Zinc finger protein 280D, also known as Suppressor Of Hairy Wing Homolog 4, SUWH4, Zinc Finger Protein 634, ZNF634, or KIAA1584, is a protein that in humans is encoded by the ZNF280D gene located on chromosome 15q21.3.

Gene
There are a total of 24 possible exons in any variant of the ZNF280D gene.  ZNF280D is oriented on the minus strand of Chromosome 15 and spans 288.396 kb.
Surrounding genes at the same locus include TEX9, HMGB1P33, MNS1, LOC645877, and LOC145783.

mRNA
At least 24 spliced variants have been identified.   There are 7 probable alternative promoters.  The mRNAs appear to differ by truncation of the 5' end, truncation of the 3' end, presence or absence of 12 cassette exons, overlapping exons with different boundaries, splicing versus retention of 5 introns.
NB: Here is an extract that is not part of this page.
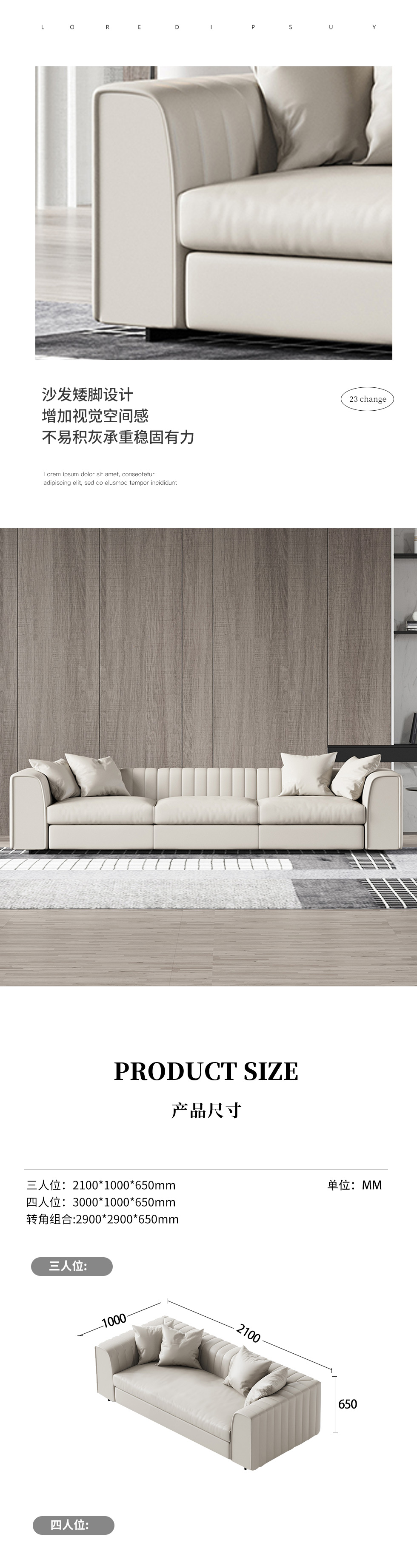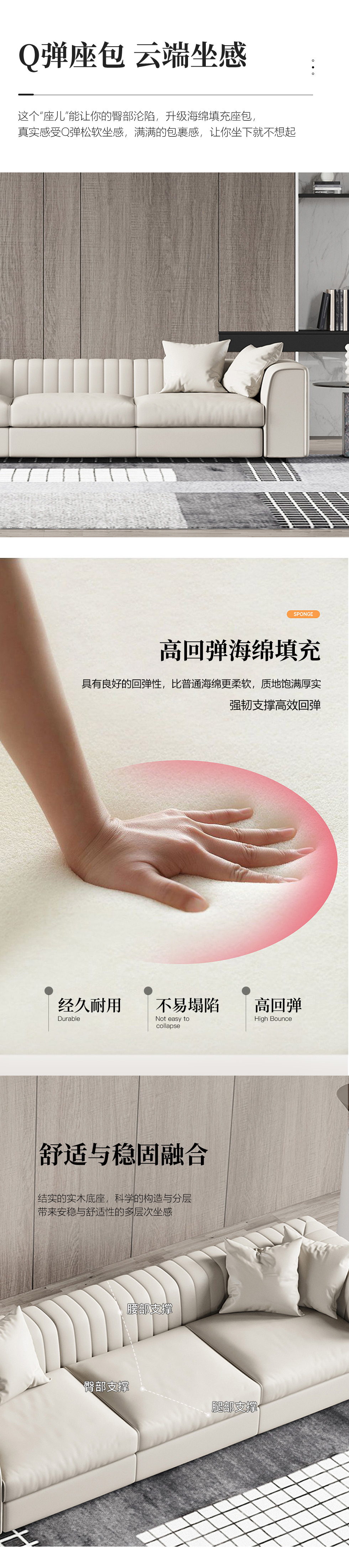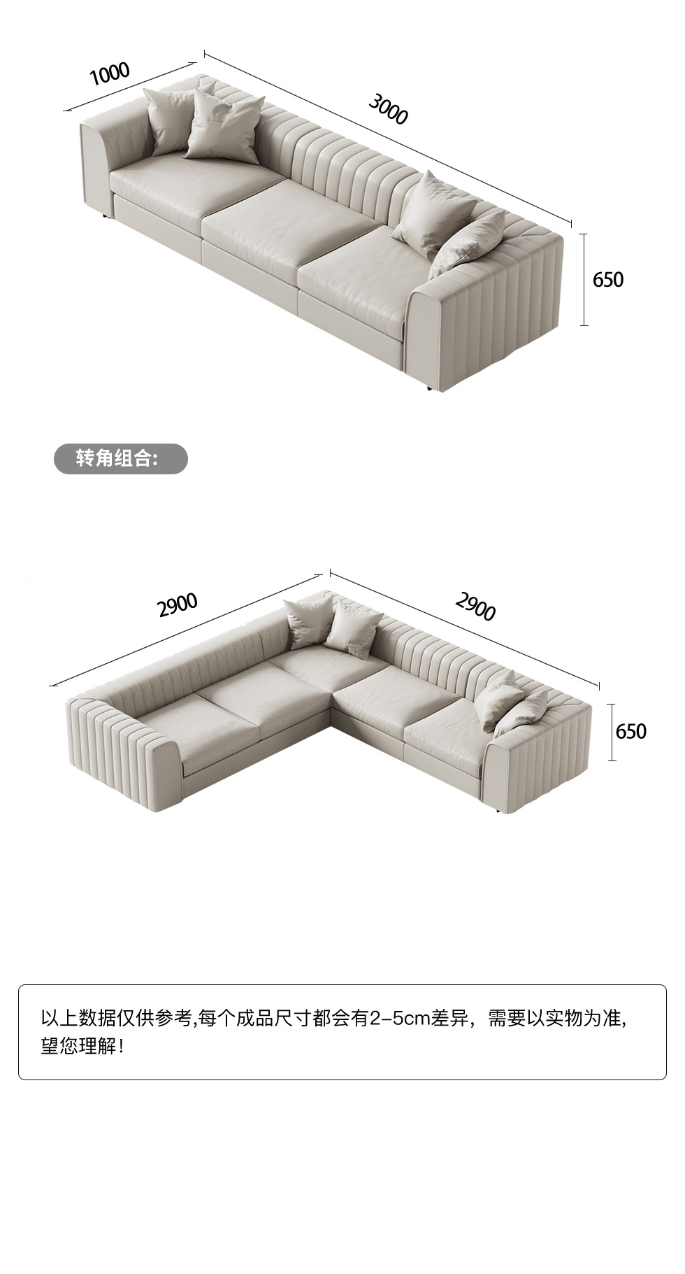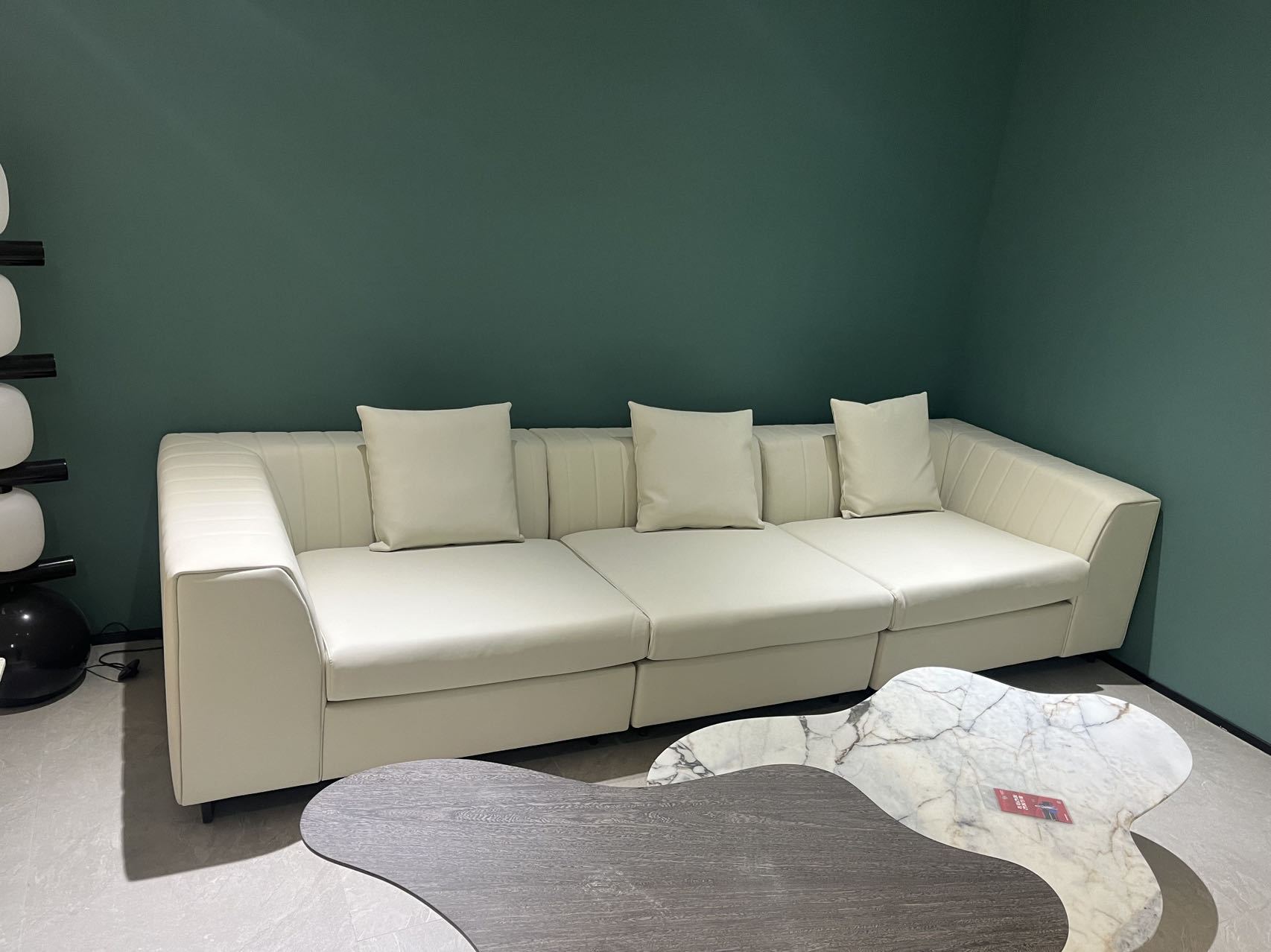 Minttu明途 极简 落叶松木+多层实木板+接触面头层真皮+仿真皮+电镀不锈钢五金脚 网红 香奈儿 四人位 2.8米沙发¥7567

The longest splice form contains 4428 bp.

Protein

Composition and Domains

The ZNF280D protein is 979 amino acids in length.
The protein contains a domain of unknown function (DUF4195) spanning from amino acid 45 to amino acid 230.
DUF4195 (pfam13826) is a family that is found at the N-terminus of metazoan proteins that carry PHD-like zinc-finger domains; the function is unknown.
ZNF280D protein also contains five highly conserved Cys2His2-type zinc finger domains.
Zinc fingers have the ability to bind DNA, which supports the speculative role of ZNF280D as a transcription factor.
The protein has a weight of approximately 109.3 kdal.
Charge cluster analysis reveals a negative charge cluster near the N-terminus from amino acids 16-43.
Charge clusters are associated with functional domains of cellular transcription factors, providing further support for ZNF280D as a possible transcription factor.

Interactions 

ZNF280D has been experimentally determined to interact with CBX5 and CBX3 proteins.
These proteins both play a role in the formation of heterochromatin, which presents a possible functional role of ZNF280D as a transcriptional repressor.

SNPs
There are a number of SNPs that have been observed in the human population.   The image below lists some of the most frequently occurring.

Regulation

mRNA Level

A number of transcription factors are predicted to bind to the predicted promoter region.

Protein Level
ZNF280D protein contains 66 serine, 17 threonine, and 6 tyrosine residues all of which are potential phosphorylation sites.

The glycine residue at position 2 is a probable candidate for N-terminal acetylation.
There are seven probable sumoylation sites.

Expression

ZNF280D is ubiquitously expressed at relatively low levels throughout almost all tissues in the human body.

In one study, the expression of ZNF280D was compared between endothelial progenitor cells in cord blood and peripheral blood.  The results show that expression was significantly higher in cord blood.  This supports a possible involvement of ZNF280D in embryonic development or cell differentiation.

Evolution
A number of orthologs and distant homologs have been identified for the human ZNF280D protein.  There are also four paralogs to ZNF280D in the human genome.